Дурацкое выражение «порнография ближнего боя» прочно засело у меня в мозгу. Но с этим можно было смириться. И я смирилась. Я смирялась с этим три года после того, как Быкадоров бросил меня. Я была уверена, что больше никогда не увижу Быкадорова.

Но я ошиблась. Я не знала тогда, что еще раз увижу его.

Мертвого.

Итак, мне двадцать девять, в городе плавится асфальт, а за городом горят торфяники. Впрочем, мое дело тоже горит. Синим пламенем. Крошечная галерейка на Васильевском, угол Среднего и Шестнадцатой линии. С подачи ушибленного мифологией Лаврухи Снегиря она называется «Валхалла» – должно быть, именно это отпугивает клиентов. Мы открывали ее втроем: я, Лавруха и Жека Соколенко. Теперь осталась я одна – Жека погрязла в детях, а Лавруха – в реставрационных мастерских. Мы редко видимся, но это почти не огорчает меня. Неудачник Лавруха напоминает мне о несостоявшейся карьере художника-станковиста, а неудачница Жека – о Быкадорове.

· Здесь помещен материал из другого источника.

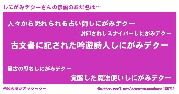 | 意味不明あだ名 | 『永久保存しにがみデクー』 |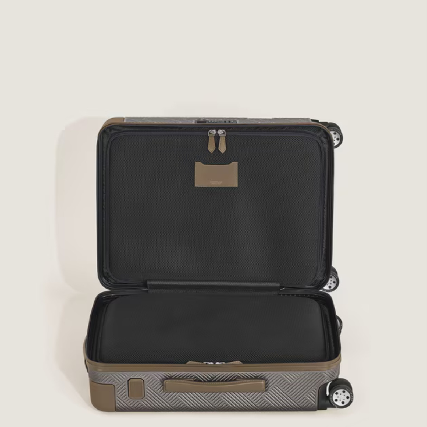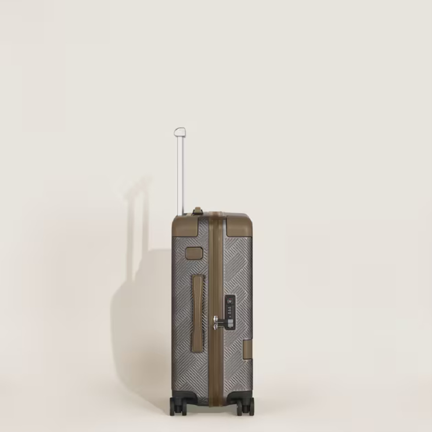 Материал: поликарбонат, кожа теленка с тиснением. Цвет: серебристый/коричневый. Размер: 380 х 230 х 550 мм.

До того, как уйти ко мне и заняться порнографией ближнего боя, Быкадоров служил Жекиным мужем, именно служил. Секс с Жекой Быкадоров характеризовал еще одним стойким идиоматическим выражением, подцепленным в испаноязычной литературе, – «медио трабаха».

«Медио трабаха» – почти как работа.

Быкадоров был из тех, кто горит на работе: Жека родила двойню, мальчика и девочку – Катю и Лавруху – в честь нашей незабвенной троицы. В честь нашей художественной школы, где Лавруха преуспевал в композиции, Жека – в рисунке, а я – в истории искусств. В журнале мы шли друг за другом – Снегирь, Соколенко и Соловьева, крохотная стая пернатых. Они-то нас и сблизили поначалу, наши птичьи фамилии. Потом была Академия художеств, которая выплюнула в мир одного художника (Жеку) и одного искусствоведа (меня). Лавруха окончил академию тремя годами позже; год он провел в химико-технологическом и еще два – в университете. И только потом, бросив совершенно ненужные ему вузы, встал под знамена Академии художеств. Белобрысая флегматичная Жека оказалась самой талантливой, ей прочили большое будущее, какой-то заезжий итальяшка с ходу предложил ей стажировку во Флоренции. Но за три дня до отъезда, в зачумленной блинной, Жека встретила Быкадорова. И все пошло прахом. Жека сразу же перестала отличать аквамарин от охры, сунула холсты на антресоли и заставила их банками с солеными огурцами. Впрочем, огурцы недолго томились в изгнании: Быкадоров пил как лошадь и другой закуски не признавал. Целый год Жека скрывала своего муженька от нас с Лаврухой. Снегиря это приводило в ярость: несмотря на два года, проведенных в стенах психфака университета (туда Лавруха сдуру поступил после академии), он так и не научился философски относиться к жизни. Я же ограничивалась ироническим похмыкиванием: любовь зла, на крайний случай и Быкадоров сгодится. Но когда в течение месяца Жека трижды изменила цвет волос, неладное заподозрила даже я. Жека собрала нас на совет (все в той же зачумленной блинной, которая служила теперь местом поклонения) и поведала фантастическую историю о деспотизме Быкадорова.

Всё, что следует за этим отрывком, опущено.